Two of the leading candidates for London mayor are backing a campaign to save the city's ageing but popular Routemaster buses from the wrecker's yard.

Two of the leading candidates for London mayor are backing a campaign to save the city's ageing but popular Routemaster buses from the wrecker's yard.

Ken Livingstone, who hopes to win the Labour nomination, made the retention of the distinctive red double-deckers an early campaign promise. Last week he was joined by Steve Norris, the Conservative candidate. Both men are promising to keep the buses on the road for another 15 years, and to start the hunt for a "son of Routemaster", which, ideally, would be a modern bus which incorporates the best design features of the Fifties original.

This is likely to include the "hop-on, hop-off" open door at the back and, as far as Mr Livingstone is concerned, a conductor. Despite its huge popularity, the Routemaster has just managed to avoid the scrapyard since the Seventies, surviving moves to replace it by London Transport, which favours cheaper, one-man-operated vehicles, and an attempt to ban it as unsafe by Brussels.

It seems that their speed through the traffic has kept London's buses running on the capital's clogged routes.

The latest threat comes from the new cash-free payment system, which London Transport is preparing to introduce in a couple of years' time.
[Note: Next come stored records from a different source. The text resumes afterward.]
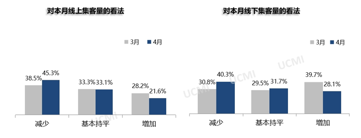 调查显示,4月份线上集客量与线下集客量有所减少。其中认为线上集客量“减少”的二手车经理人比例为45.3%;认为线下集客量“减少”的二手车经理人比例为40.3%。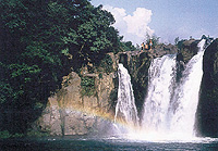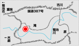 〈4〉この滝は一般的にはあまり知られておらず、観光的にも未整備なため、地元の方に現状を聞いてから出かけた方がよい。 〈5〉菊池市から国道387号を菊地渓谷方面へ進み、古川地区まで約20分。そこから菊地川沿いの道を下流方面へ約10分で滝地区駐車場。さらに下流へ徒歩約15分。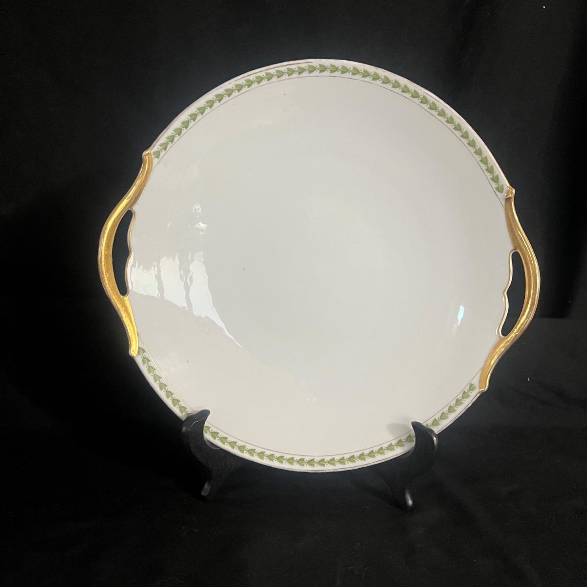 Lot includes a Limoges trio with matching plate, covered dish and a handled plate. Also includes two small serving forks stamped 800. Handled plate measures 10”D.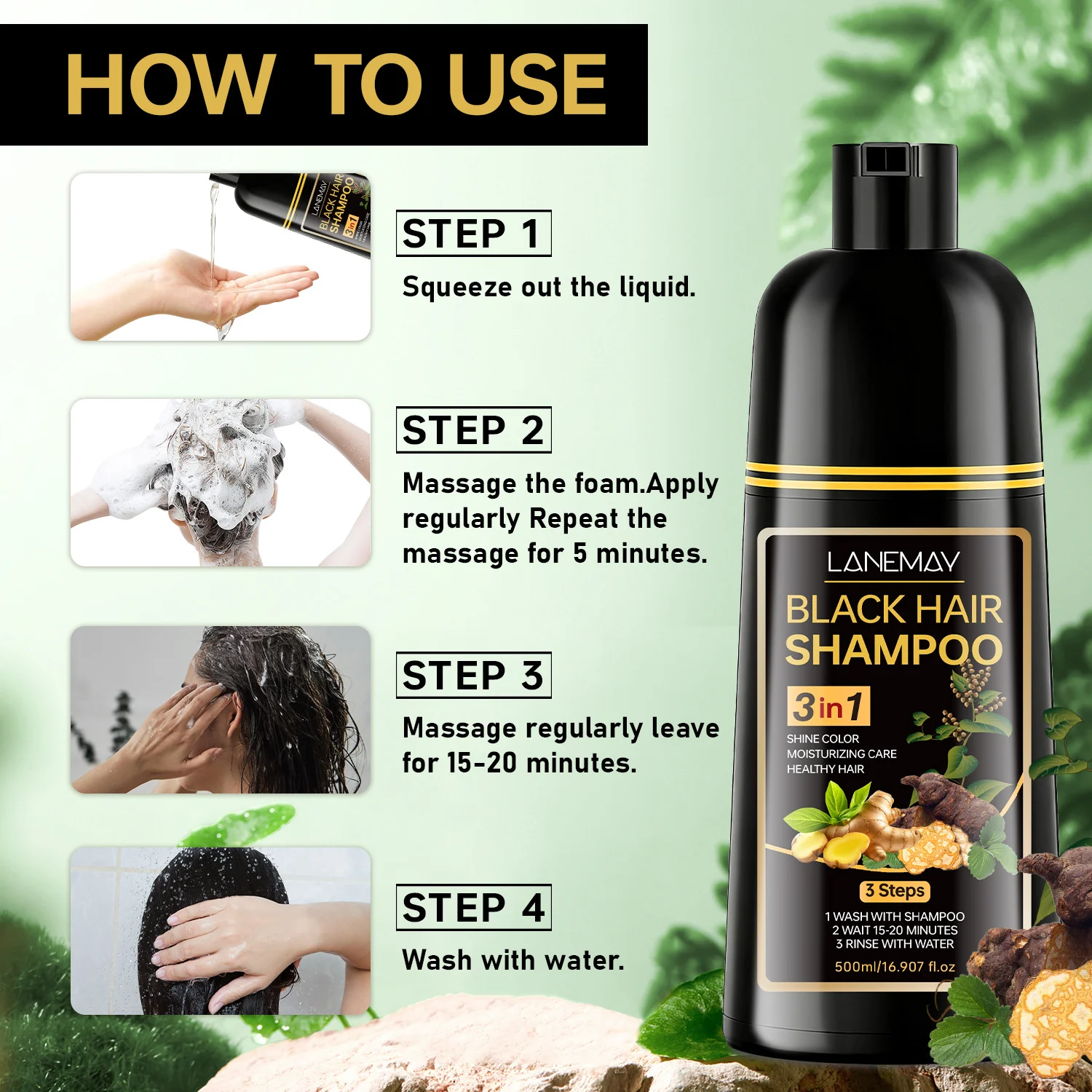 2. Application: Apply the shampoo to your hair and massage thoroughly to create a rich foam.

A "smart card" for passengers is expected to produce a dramatic improvement in the speed of one-man-operated buses, removing the Routemaster's main advantage at a stroke.
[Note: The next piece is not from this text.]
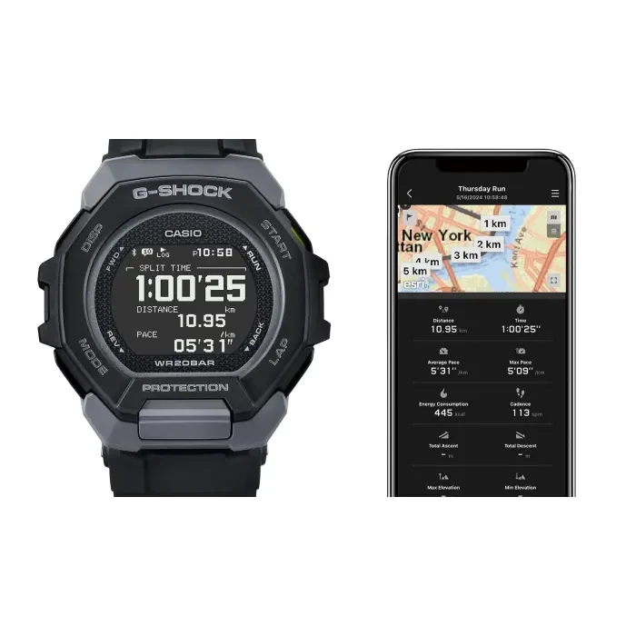 Bluetooth mobile link technology connects seamlessly to your smartphone for automatic time adjustment, easy watch settings, GPS-based distance correction, and access to approximately 300 world time cities. Stay updated throughout the day with smart notifications for incoming calls, emails, social media updates, calendar events, and reminders. The phone finder feature adds extra convenience when you misplace your device.

And, ominously, there is no guarantee from London Transport that the new technology will be used on the ageing fleet of older buses.

But even with the likely backing of London's mayor, the future of the Routemaster looks grim because, in 2017, the Disability Discrimination Act will make the Routemaster illegal, along with any other bus that cannot be used by people in wheelchairs.

The Routemaster was designed by AEC in Southall and Park Royal and was custom-built for London streets from Meccano-style parts which, over the years, proved endlessly replaceable and interchangeable. Its smooth curves and interior were influenced by industrial designer Douglas Scott. Already running for 40 years, the buses make themselves useful abroad even when not wanted here, carrying tourists in the US and Japan and passengers in Sri Lanka.

News that the Routemaster must, eventually, head for the final terminus has saddened passengers and aficionados alike.

"They're obviously an icon in London," said Ken Kelling of the London Transport Museum. "We get a lot of interest in them as traditional icons and as a masterpiece of design."

But even the editor of the specialist Classic Bus magazine, Gavin Booth, accepted that, by 2017, their time will have come. "It's good to see old buses still around, but if they're not providing the quality of service then perhaps we have to move on." Apart from which, he explained, by 2017 most of them will have fallen apart.